The conversation opened with details of the day's shooting. When all the sportsmen of a village shoot over the village territory pro indiviso, it is plain that many questions of etiquette and priority must arise.

'Here now,' cried the landlord, brandishing a plate, 'here is a field of beet-root. Well. Here am I then. I advance, do I not? Eh bien! sacristi,' and the statement, waxing louder, rolls off into a reverberation of oaths, the speaker glaring about for sympathy, and everybody nodding his head to him in the name of peace.

The ruddy Northman told some tales of his own prowess in keeping order: notably one of a Marquis.

'Marquis,' I said, 'if you take another step I fire upon you. You have committed a dirtiness, Marquis.'

Whereupon, it appeared, the Marquis touched his cap and withdrew.

The landlord applauded noisily. 'It was well done,' he said. 'He did all that he could. He admitted he was wrong.' And then oath upon oath. He was no marquis-lover either, but he had a sense of justice in him, this proletarian host of ours.

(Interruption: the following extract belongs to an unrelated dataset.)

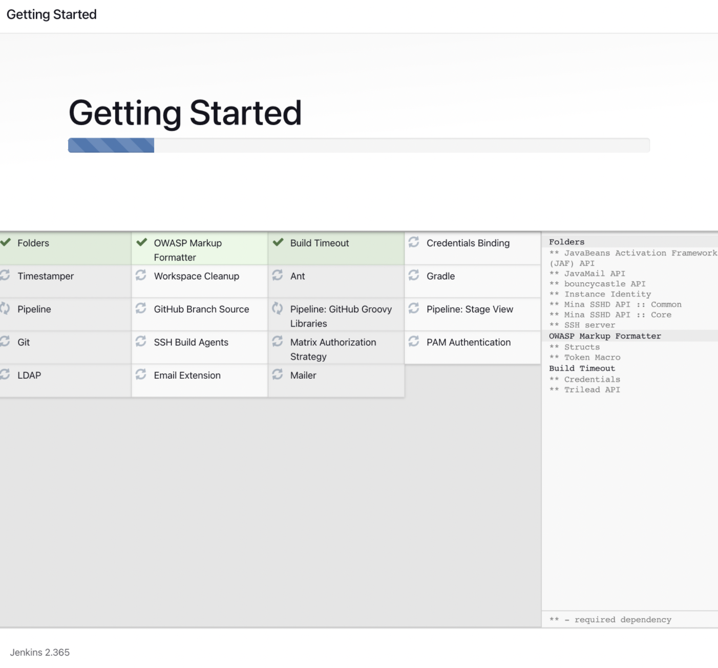 ‘Install suggested plugins’๋ฅผ ๋๋ฌ Jenkins ๊ตฌ๋ ๊ฐ ํ์ํ Plugin์ ๋ชจ๋ ์ค์นํด ์ฃผ๊ฒ ์ต๋๋ค.

From the matter of hunting, the talk veered into a general comparison of Paris and the country. The proletarian beat the table like a drum in praise of Paris. 'What is Paris? Paris is the cream of France. There are no Parisians: it is you and I and everybody who are Parisians. A man has eighty chances per cent. to get on in the world in Paris.' And he drew a vivid sketch of the workman in a den no bigger than a dog-hutch, making articles that were to go all over the world. 'Eh bien, quoi, c'est magnifique, ca!' cried he.

The sad Northman interfered in praise of a peasant's life; he thought Paris bad for men and women; 'centralisation,' said he -

But the landlord was at his throat in a moment. It was all logical, he showed him; and all magnificent. 'What a spectacle! What a glance for an eye!' And the dishes reeled upon the table under a cannonade of blows.

Seeking to make peace, I threw in a word in praise of the liberty of opinion in France. I could hardly have shot more amiss. There was an instant silence, and a great wagging of significant heads. They did not fancy the subject, it was plain; but they gave me to understand that the sad Northman was a martyr on account of his views. 'Ask him a bit,' said they. 'Just ask him.'

'Yes, sir,' said he in his quiet way, answering me, although I had not spoken, 'I am afraid there is less liberty of opinion in France than you may imagine.' And with that he dropped his eyes, and seemed to consider the subject at an end.

Our curiosity was mightily excited at this. How, or why, or when, was this lymphatic bagman martyred? We concluded at once it was on some religious question, and brushed up our memories of the Inquisition, which were principally drawn from Poe's horrid story, and the sermon in Tristram Shandy, I believe.

On the morrow we had an opportunity of going further into the question; for when we rose very early to avoid a sympathising deputation at our departure, we found the hero up before us. He was breaking his fast on white wine and raw onions, in order to keep up the character of martyr, I conclude. We had a long conversation, and made out what we wanted in spite of his reserve. But here was a truly curious circumstance. It seems possible for two Scotsmen and a Frenchman to discuss during a long half-hour, and each nationality have a different idea in view throughout. It was not till the very end that we discovered his heresy had been political, or that he suspected our mistake. The terms and spirit in which he spoke of his political beliefs were, in our eyes, suited to religious beliefs. And vice versa.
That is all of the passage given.